___ SUPPLIED INFORMATION ___

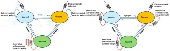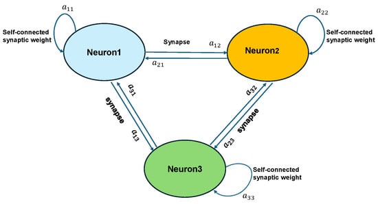 The functions , for , represent the memristor’s synaptic connection weight coefficient (an example with three neurons is depicted in Figure 3).
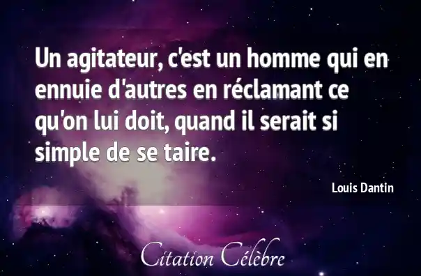 Un agitateur, c'est un homme qui en ennuie d'autres en réclamant ce qu'on lui doit, quand il serait si simple de se taire.
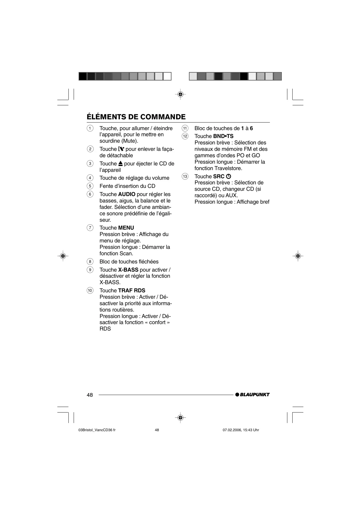 MODE D'EMPLOI VANCOUVER CD36 BLAUPUNKT
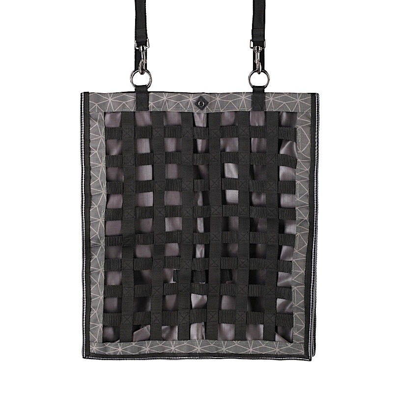 Strop på bagsiden som kan bruges til at fastgøre høposen i, så den ikke svinger rundt når hesten trækker ud i grovfoderet.

___

**INSTRUCTIONS TO FOLLOW:**
Write out again, exactly, the lines from the start of the listing up to the line containing "Un agitateur, c'est", with both ends and without pictures.

**EXERCISE RESPONSE:**
 The functions , for , represent the memristor’s synaptic connection weight coefficient (an example with three neurons is depicted in Figure 3).
 Un agitateur, c'est un homme qui en ennuie d'autres en réclamant ce qu'on lui doit, quand il serait si simple de se taire.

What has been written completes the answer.